While the current outlook might point to the production, market and financial risks that producers face, the reality is that producers face risks across the spectrum, including legal and human risks as well.
Production risk
Crop producers are sizing up their yield prospects as fall harvest nears, assessing the impact of the various production risks experienced this year — from lingering drought conditions in some regions to wet and delayed planting conditions in other regions, and numerous storm and weather challenges during the growing season. Producers use a number of risk management strategies to address these concerns, including production practices and, of course, crop insurance.
Market risk
On the marketing side, producers may be assessing the status of their marketing plans, hoping to balance their marketing and pricing decisions to date with their expected production and remaining price risk exposure.

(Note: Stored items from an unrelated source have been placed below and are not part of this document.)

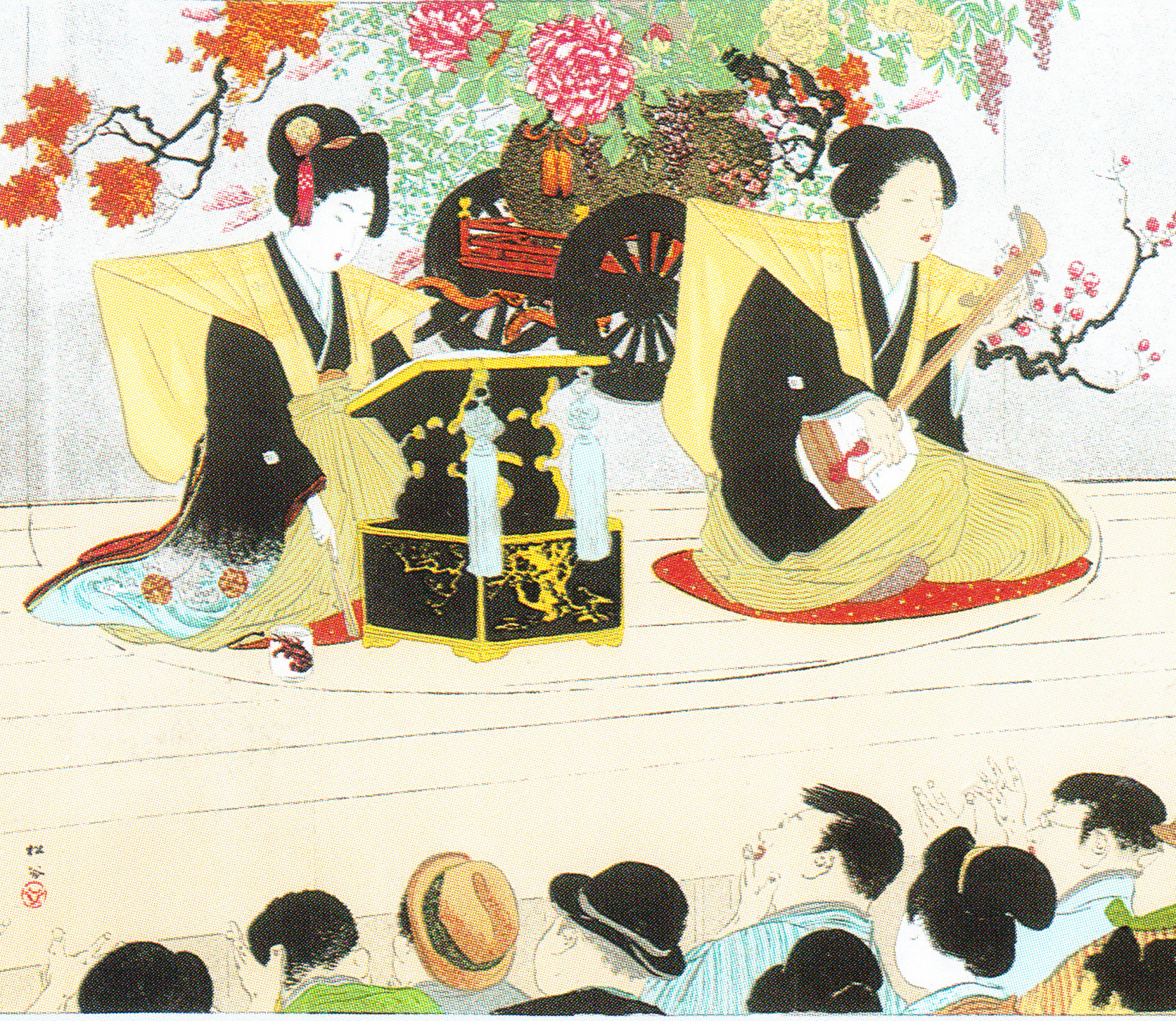 Two female gidayu, Takemoto Kyōko and Takemoto Kyōshi. 1899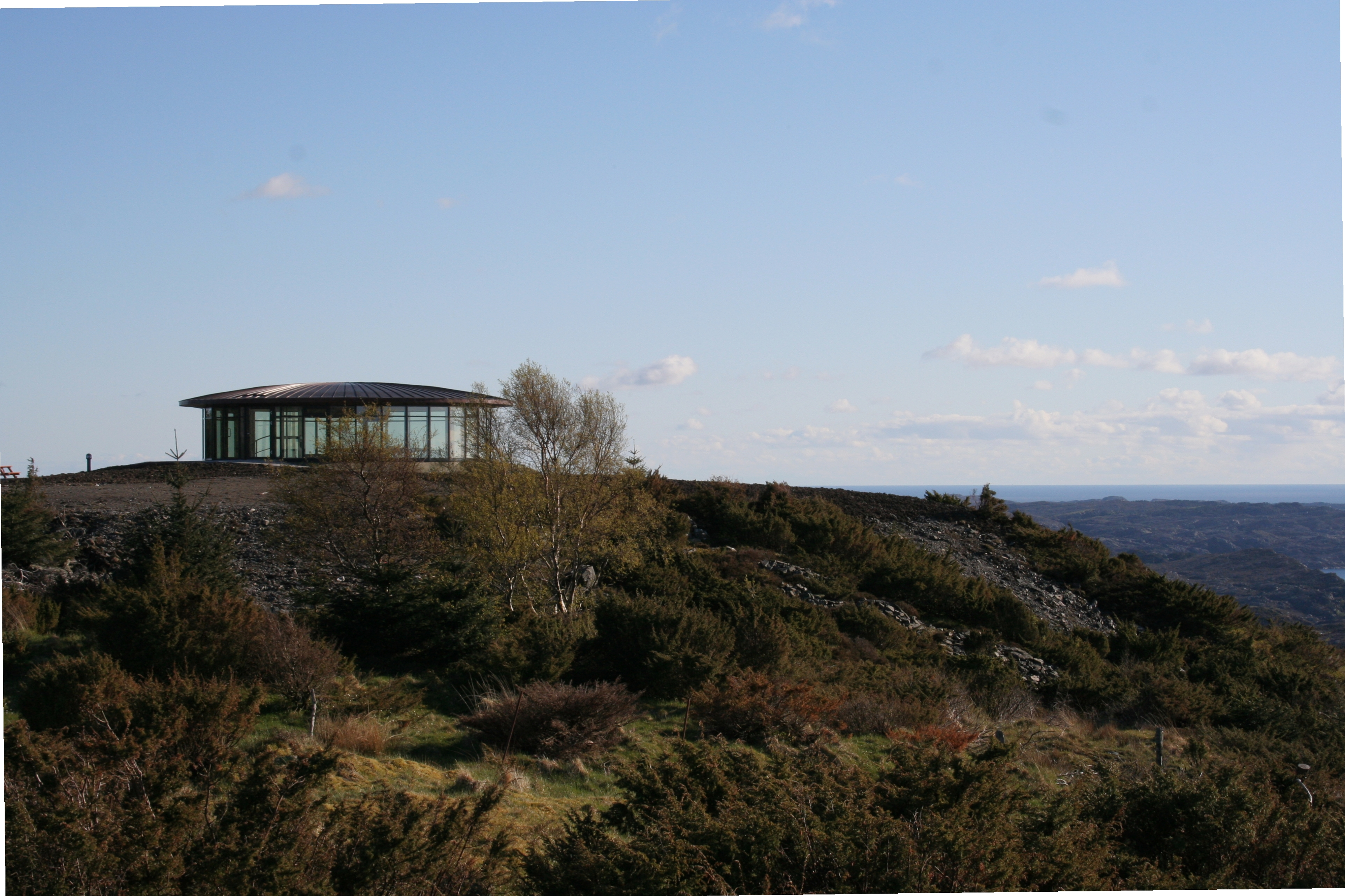 The glass housing built to prevent rain entering the main tunnel system at Fjell Fortress, Sotra, Hordaland, Norway. This picture is taken from roughly the same place as image:1963FjellFestningKanon.jpg, 44 years later.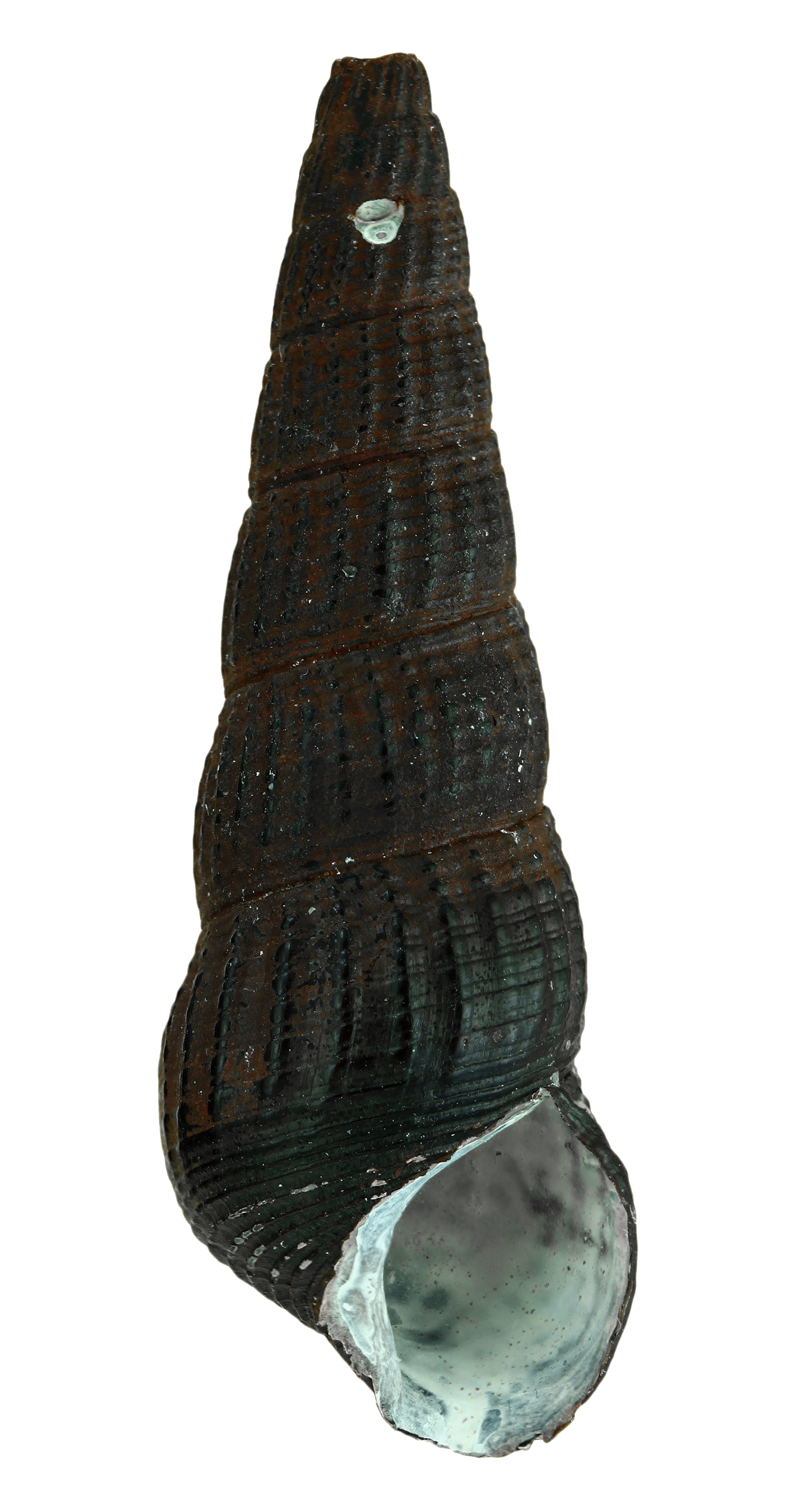 Photo of an apertural view of a shell of Tylomelania towutensis.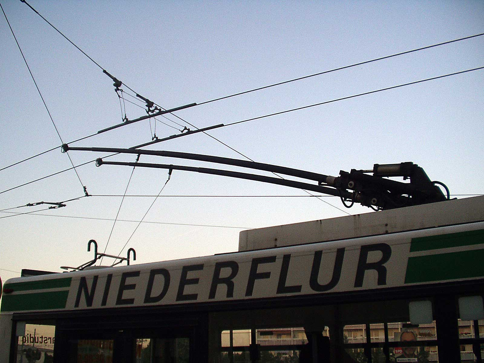 Pantograph of an ÖAF Gräf & Stift NGE 152 M17 trolleybus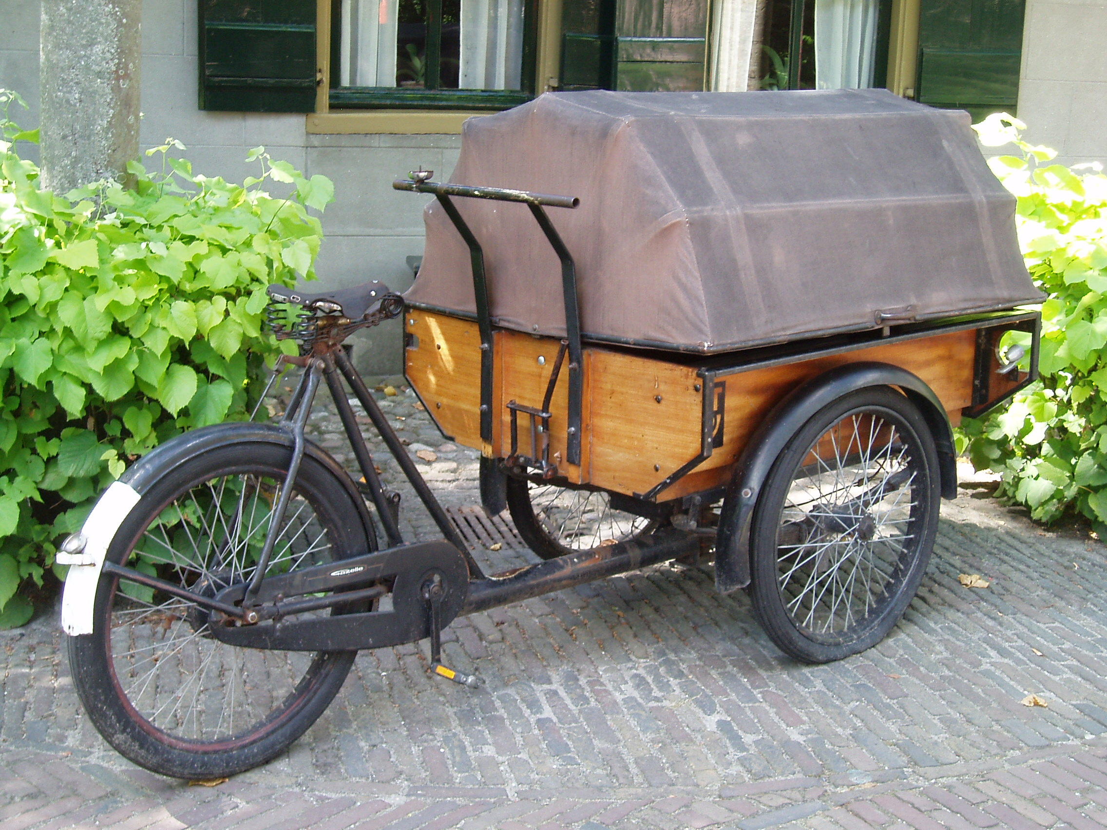 Tricycle in Zuiderzeemuseum in the Netherlands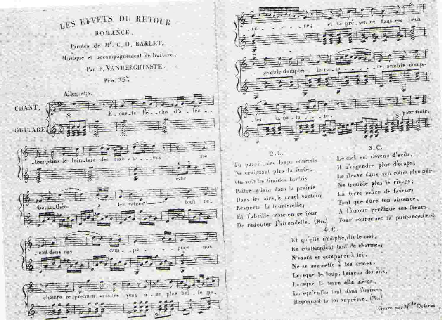 Romance, Les effets du retour, texte by C. Barlet, music by Pieter Vanderghinste, for voice and guitar, early 19th century song, Belgian or Dutch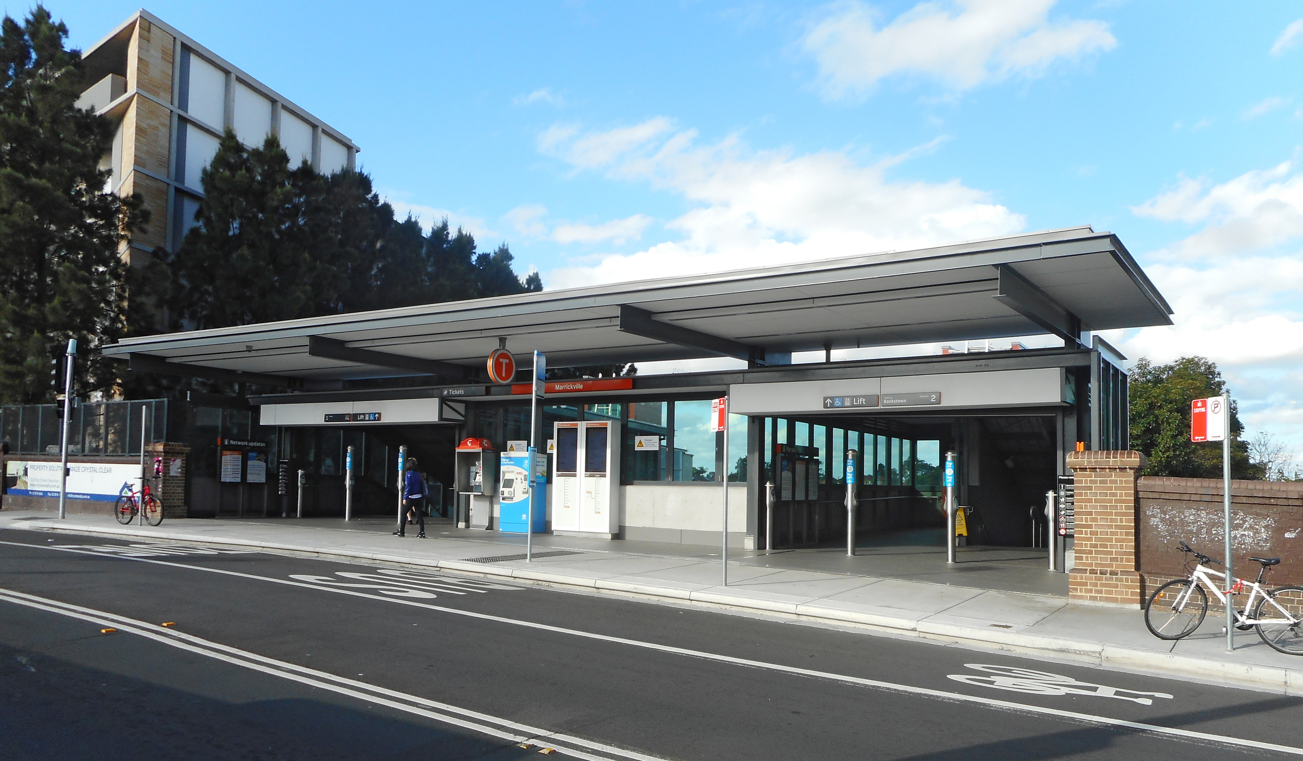 The rebuilt main entrance of Marrickville station in 2017.

The price risk management strategy for crop producers actually begins with the federal farm program and Agriculture Risk Coverage or Price Loss Coverage program protection. Coupled with the price component of the most widely used Revenue Protection crop insurance policy, producers already have a substantial price safety net in place. Further marketing decisions to manage price risk or basis risk can help producers cope with the remaining risk they face on this year’s crop as well as consider decisions for future crop years.
Financial risk
The financial picture as described above is one of shrinking margins and more pressure on working capital, cash flow and potential borrowing needs amid a higher interest rate environment. Sound financial risk management starts with good records and an assessment of the cost of production and financial position and performance. Making sound financial management decisions builds on this information to position an operation for financial stability and viability.